I have matrix $A \in \mathbb{R}^{N \times N}$, such that $A(i,j)=trace(B_iCB_j), \forall ij$.
Matrices $B_i$ and C are PSD and symmetric with positive entries. Can I prove that $A$ is PSD too?
In fact, I've tried different random matrices for $C$ and $B_i$ with different dimensions and $A$ was always PSD.

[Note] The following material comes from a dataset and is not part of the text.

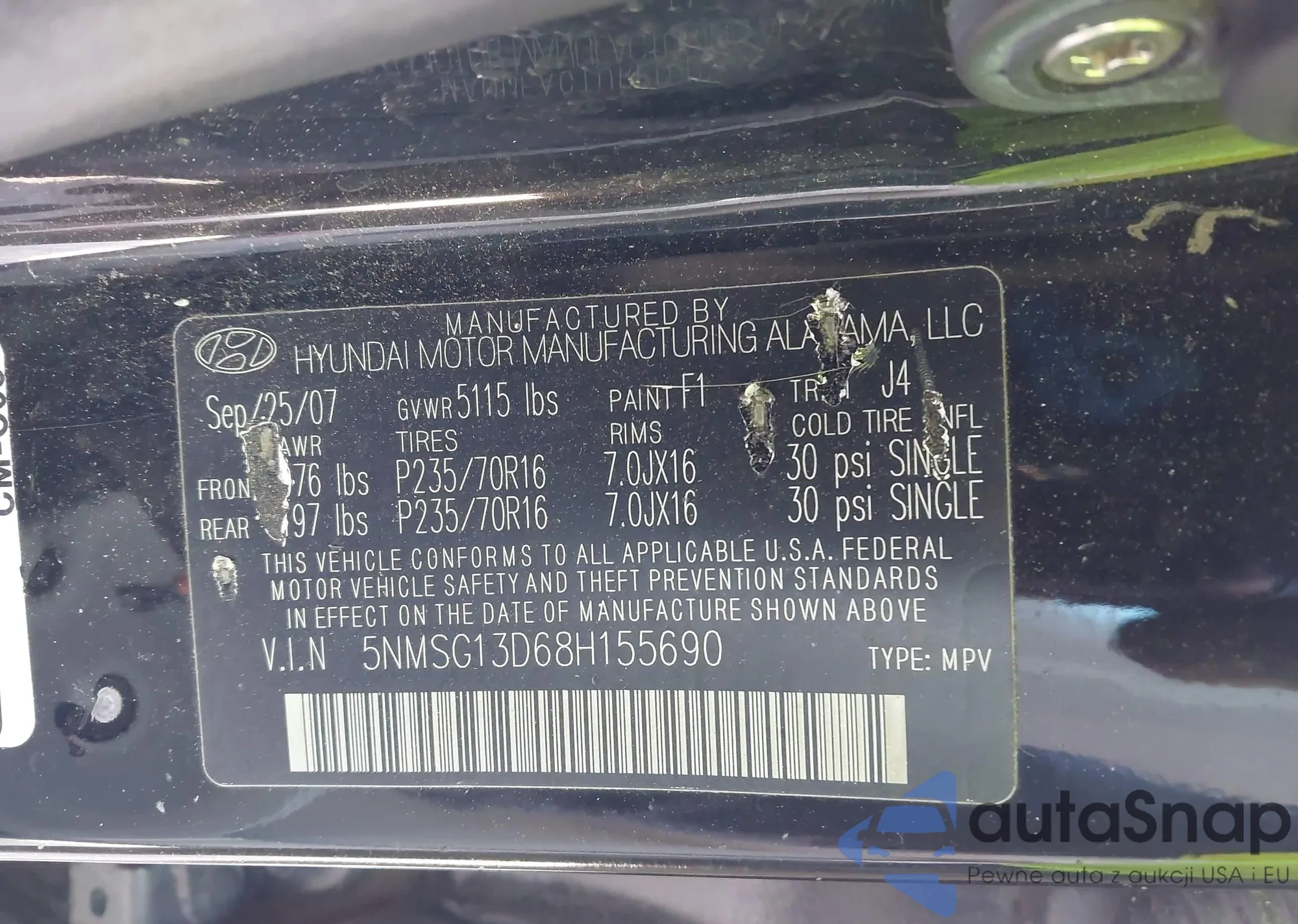 • VIN 5NMSG13D68H155690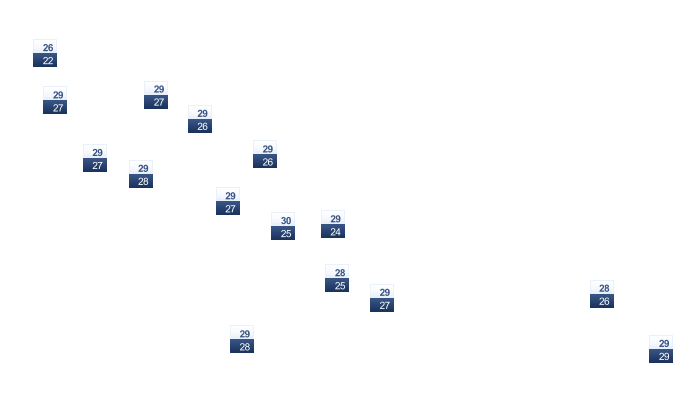 In Tulagi gibt es vormittags und auch am Nachmittag nur selten Lücken in der Wolkendecke bei Werten von 29°C. Abends ist in Tulagi der Himmel bedeckt und die Temperatur liegt bei 29°C. Nachts bleibt die Wolkendecke geschlossen und das Thermometer fällt auf 26°C.

For any $x \in \mathbb{R}^n$ I will prove that $x^TAx \geq 0$. Let $x \in \mathbb{R}^n$, then $$\begin{align}x^TAx &= \sum_{i,j} x_i x_j \text{tr}(B_iCB_j) \\ &= \text{tr}(\sum_{i,j} x_i x_j B_iCB_j) \\ &= \text{tr}(\sum_{i} \sum_j (x_i B_i)C (x_j B_j)) \\ &= \text{tr}((\sum_{i} x_i B_i)C(\sum_j x_j B_j)) \\ \end{align}$$ Let $D = \sum_{i} x_i B_i$, then this expression equals $\text{tr}(DCD)$. Since $D$ is symmetric, $DCD=D^TCD$, which is positive semidefinite, so the trace is indeed nonnegative.